But this re-incarnation has nothing to do with the Agu ceremony. That ceremony was simply discovered the person who was the patron-spirit of a child, its Chi “Onye nolu onye but Chi-e”, was an Oka saying. He who is the patron – spirit of person is his Chi. And when an Oka woman exclaimed “Mu na Chim!”She meant “what my guardian spirit and I have agreed upon”, meaning, it is my luck, it is my destiny!.

Even though it was human beings that made the selection of a patron spirit for a child, the ritual made it appear, during the Agu ceremony, as if it was the Spirit itself that chose the child, and not the other way round!

Oka called being a patron spirit to a child “nno uwa”.

When the Ago ceremony was performed for a child, the child was ceremonially linked, or tied to its ancestors of forbears and in that way the corporate unity of Oka was preserved; the dead members of the family were linked to the living members of the family.

Oka people believed that their community was made up of the living and the dead, co-existing. The dead came back to inhabit their former compounds after the full funeral unseen. From the spirit world they influenced events for good or for bad. The living, therefore, made sacrifices to them with whatever they ate or drank, and called on them for help. Before drinking any wine the Oka man first poured a libation to these departed ancestors, (that is, giving them their share) and he sacrificed a bit of every food he ate to them, by throwing a morsel outside. Thus, in order to preserve the bond between those who had passed away (lest they be forgotten) and those still alive, every child born must have chosen for it a patron, or a guardian, among the departed relatives. The patron spirit once chose for it a patron, or a guardian, among the departed relatives. The patron spirit once chosen took on the task of looking after the child, and guiding it, and protecting it, through life. The ritual for ascertaining who this patron-spirit was the Agu ceremony.

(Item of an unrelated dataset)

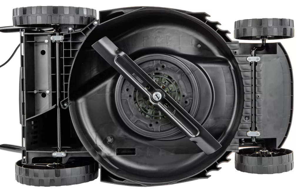 Nagy teljesítményű, 2600 W-os elektromos fűnyíró 38 cm-es munkaszélességgel és 5 fokozatú központi magasságállítással a tökéletes pázsitért.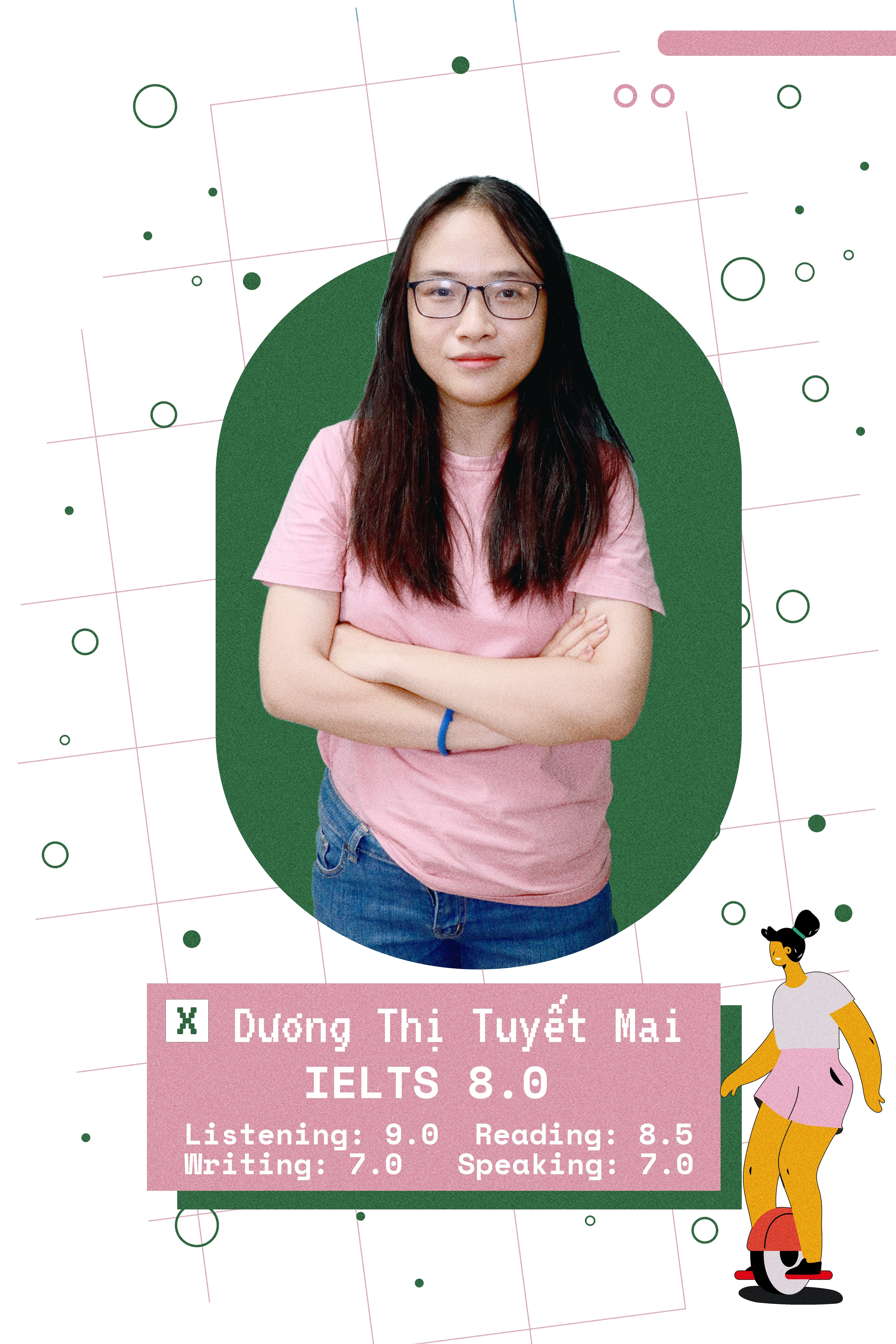 Có cơ hội tiếp xúc tiếng Anh từ nhỏ, nhưng Mai cho biết bản thân không có xuất phát điểm tốt khi bắt đầu luyện thi IELTS. Điểm thi đầu vào chỉ đạt 6.5, thời gian ôn luyện gấp gáp trong vỏn vẹn 6 tháng, cùng lịch học cuối cấp bận rộn và các hoạt động ngoại khóa trên trường, mục tiêu IELTS 8.0 đôi khi trở thành áp lực với cô gái trẻ.

On the day of the Agu ceremony two Dibies were invited.

“Dibie” was what Europeans called “native doctor” or “medicine man”.

There were two kinds of Dibie in Oka, namely, Dibies who gave medicines to cure illness only (doctors simpliciter), and Dibies who gave medicines and at the same time, knew the art of dividing the will of the gods (doctors cum diviners). This latter class of Dibie was known as “diviners” (ndu avba).

Dibies, of all kind, served apprenticeship, just like blacksmiths, for seven years or more.

The Debie-diviners were the most powerful in the community, because they ascertained the wishes of the gods. They used different means to do this: some worked with sand-making marks on a small heap of sand, and finding answers to questions from the marks; some worked with mirrors-they were called ‘ose nabo’-they stared into the mirrors and revealed the wish of the gods; other used “ukpukpa” – the shells of the ogbono seeds – which were strung together on thin rope, and flung on the ground: the gods spoke through the manner in which the ukpkpa shells fell, some falling face up, and some falling face down.

For Agu ceremonies in Oka, the diviners who worked with ukpukpa shells were called.

Before the Debies began their work, kola nut was presented, broken, and eaten.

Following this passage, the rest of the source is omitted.